Problem to work on. Only one stretch of the data should be retyped: the lines from the line containing "武岡市龍禾公路配套設(shè" through the line containing "Mediterranean inspired, this". Keep pictures out of it.

(Stored entries)
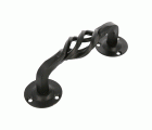 MANILLÓN DECORATIVO TIPO FORJA Y DETALLES ELEGANTES: Diseñado en zamak con placa de acero para puertas de paso o entrada, este manillón Modelo 103 de 140 mm no solo es robusto gracias a su fabricación en materiales de alta resistencia como el zamak y el acero, sino que también ofrece un acabado en negro que combina estética rústica con funcionalidad moderna. Ideal para integrarse en cualquier estilo de puerta, desde modernas hasta clásicas. Con roseta de acero Ø 52 mm.
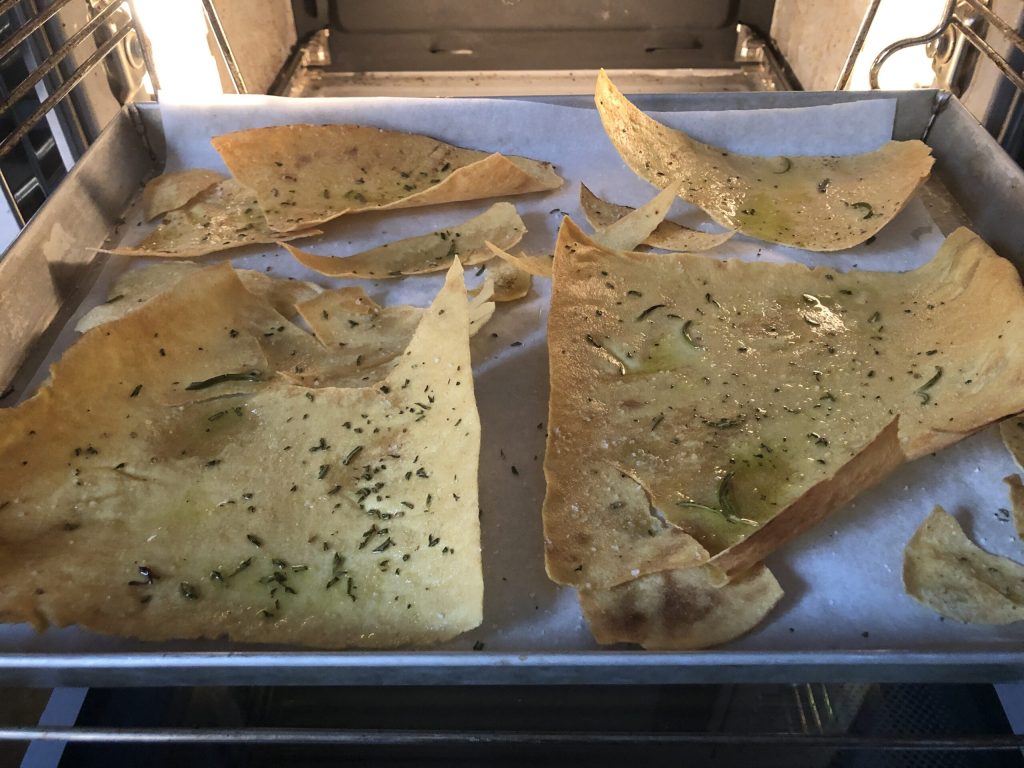 Ik heb de hoeveelheid ingrediënten niet gespecificeerd omdat het afhangt van hoeveel carasau chips je wilt maken. Als je het recept leest, zul je merken dat alles gerust ‘op het oog’ gedoseerd kan worden.
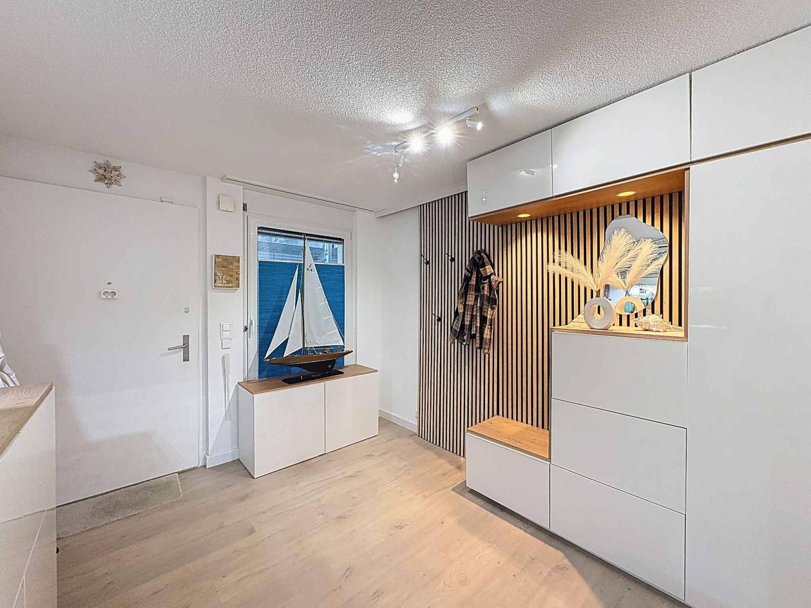L'elegante cucina a vista si integra perfettamente in questo accogliente spazio abitativo e beneficia di un'area ripostiglio adiacente, che offre una soluzione di stoccaggio discreta ma pratica. Una camera da letto versatile, che può essere aperta sul soggiorno o arredata in modo indipendente a seconda delle esigenze, e un bagno con doccia completano armoniosamente questo piano.
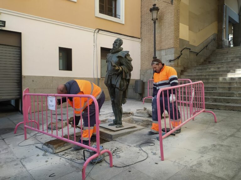 Operarios municipales han procedido este lunes a retirar la estatua de Cervantes que se sitúa bajo las escaleras del Arco de la Sangre, en el Casco Histórico de Toledo, para fortalecer sus anclajes y consolidar la misma ante el riesgo de que se cayera.
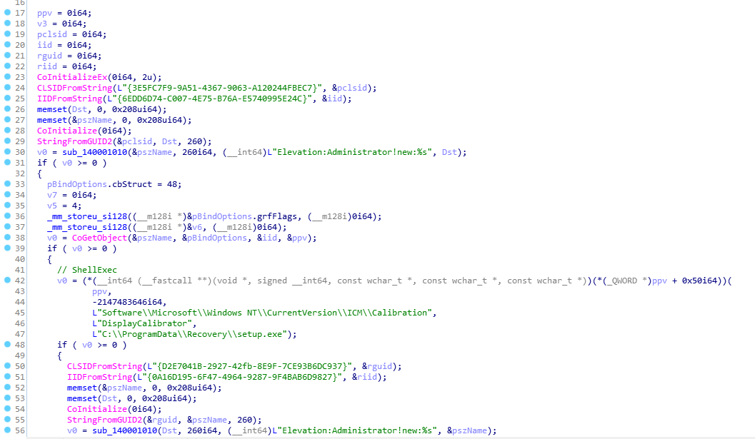 6.执行 C:\\ProgramData\\Recovery\\go.exe 这是一个bypassuac程序.这个程序的主要目的就是启动官方的安装程序setup.exe,以此来迷惑用户。
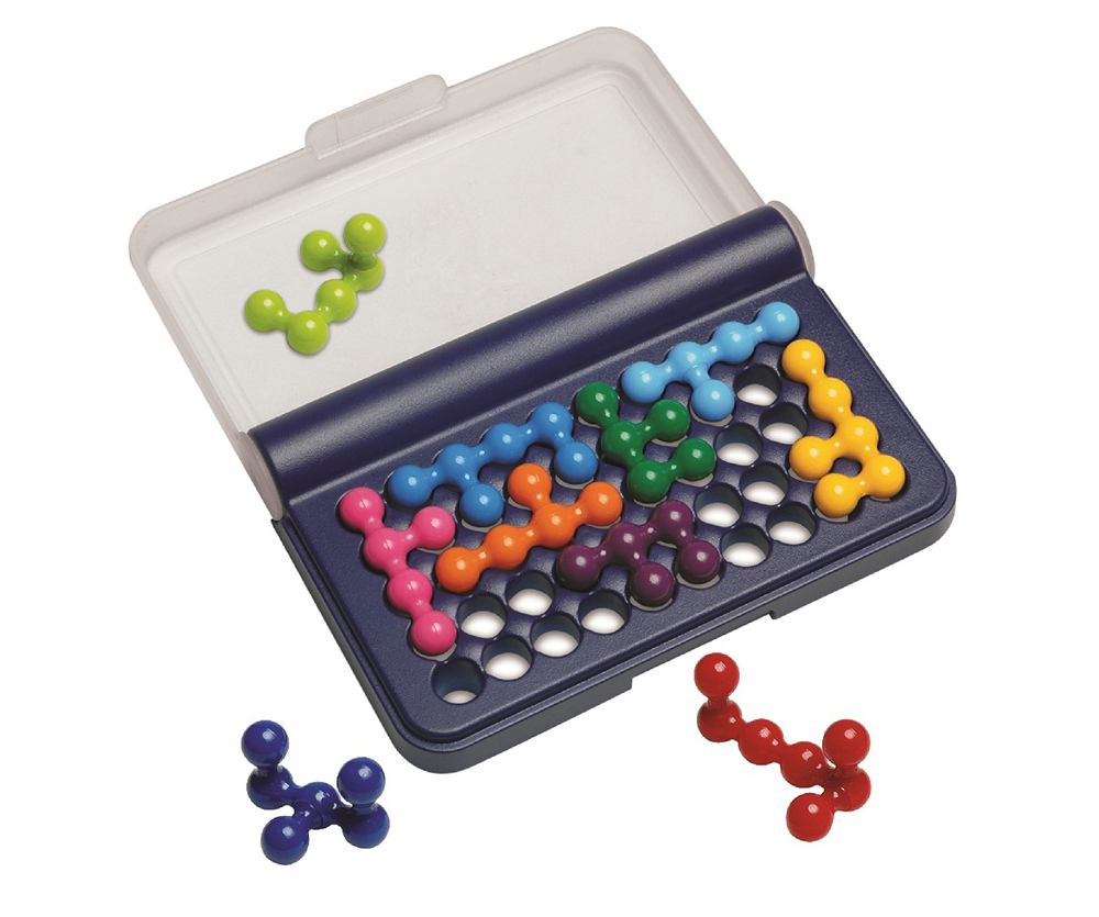 ■ 特殊立體設計的珠串,觀察遊戲盤底洞的位置進行解題。
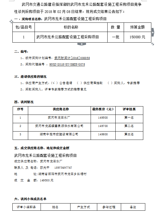 武岡市龍禾公路配套設(shè)施工程采購項(xiàng)目 競(jìng)爭(zhēng)性談判成交結(jié)果公告
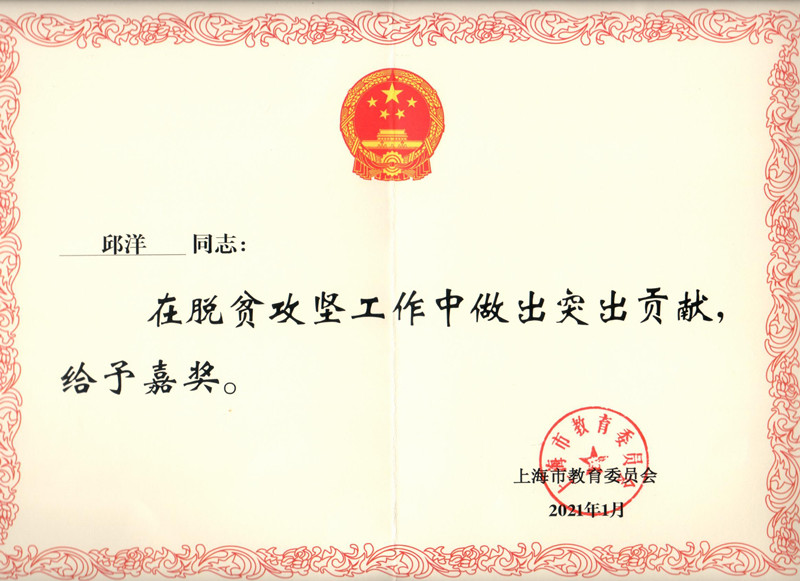 近日,上海市教育委员会表彰一批在脱贫攻坚工作中表现突出、做出较大贡献的集体和个人,365官网通信与信息工程学院邱洋老师获本市事业单位脱贫攻坚专项嘉奖奖励。
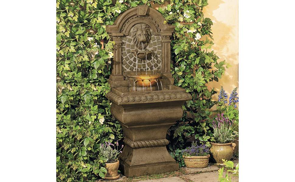 Mediterranean inspired, this traditional fountain with light features flowing water from a lion’s head into a series of basins.
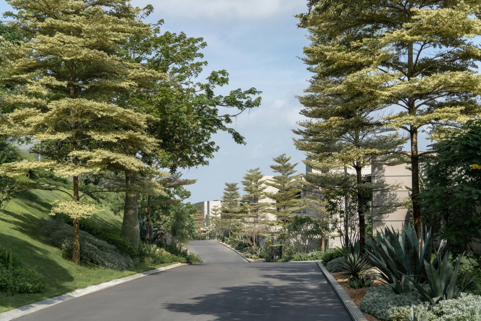 Aranya Phase III Resort Mountain Residence is blessed with a unique location, relying on the undulating hilly landform of Sanya and backed by verdant mountains. This not only forms a natural green barrier, effectively regulates the microclimate, blocks strong winds, and creates a quiet and private atmosphere, but also introduces lush greenery into the community, laying the foundation for the ecological livability of the project. As well as the unobstructed view brought by the adjacent golf course, the Aranya Sanya plot has an extremely wide field of view.
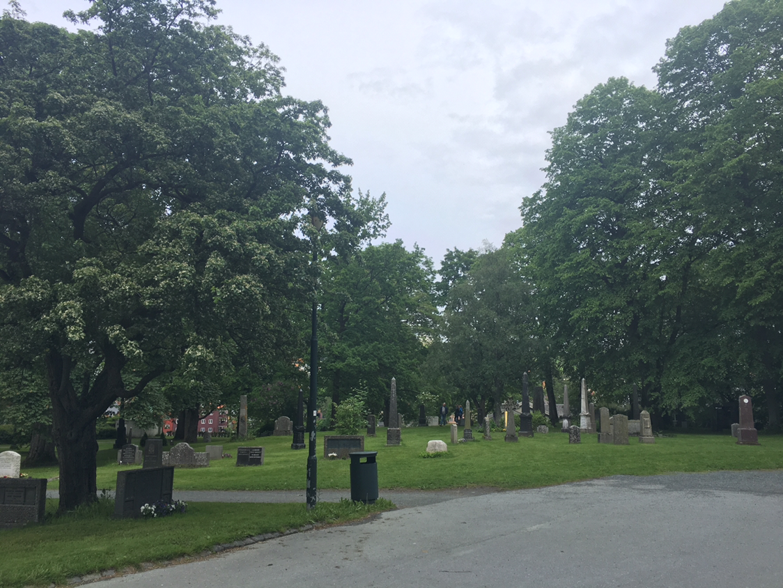 노르웨이 어느 마을에나 교회가 있고 교회 옆에는 묘지가 있다. 노르웨이 세번째 도시 트론헤임에는 근사한 니다로스 성당이 있다. 바로 옆에는 대주교가 살던 근사한 건물도 있다. 지금은 박물관이다. 수많은 묘비가 성당 주변에 있다. 묘비들과 어울린 성당 주변의 광경이 숙연함을 자아낸다. 망자들은 성당 옆에 묻히게 된 것을 엄청 좋아했을 것이다.
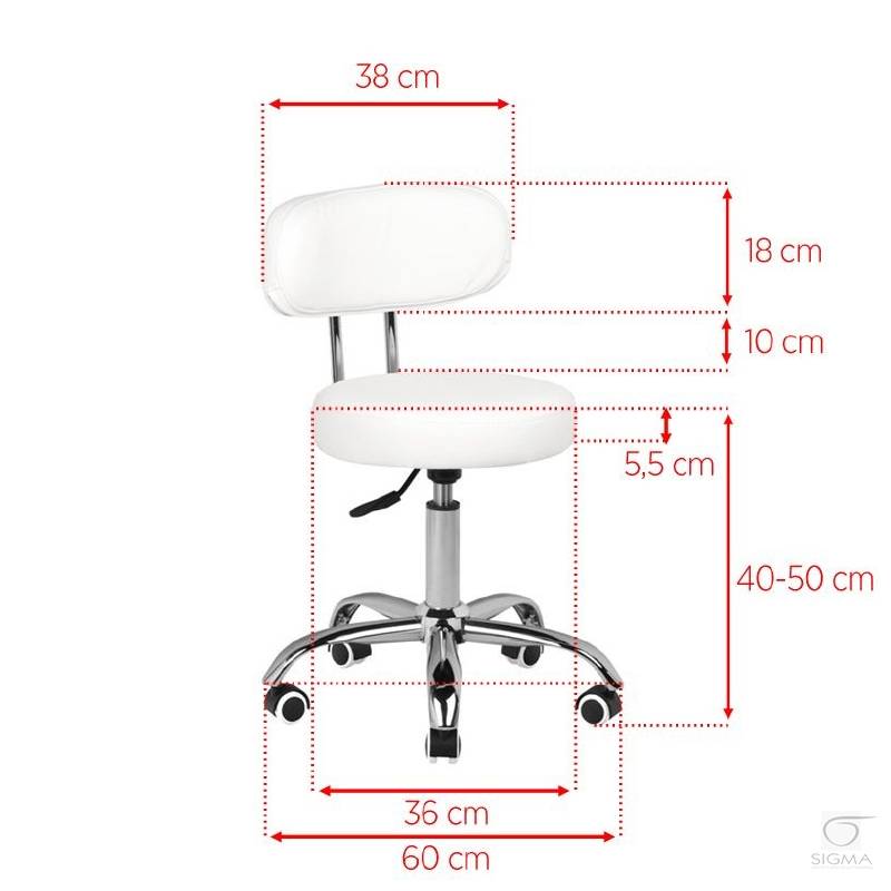 Opis produktu:Wygodny taboret kosmetyczny ze skóry ekologicznej, idealny przy pedicure. Stabilna konstrukcja osadzona na pięcioramiennej podstawie, z gumowanymi kółkami, dostępny w kolorze białym. Wysokość sterowana hydraulicznie.

Your response.
 武岡市龍禾公路配套設(shè)施工程采購項(xiàng)目 競(jìng)爭(zhēng)性談判成交結(jié)果公告
 近日,上海市教育委员会表彰一批在脱贫攻坚工作中表现突出、做出较大贡献的集体和个人,365官网通信与信息工程学院邱洋老师获本市事业单位脱贫攻坚专项嘉奖奖励。
 Mediterranean inspired, this traditional fountain with light features flowing water from a lion’s head into a series of basins.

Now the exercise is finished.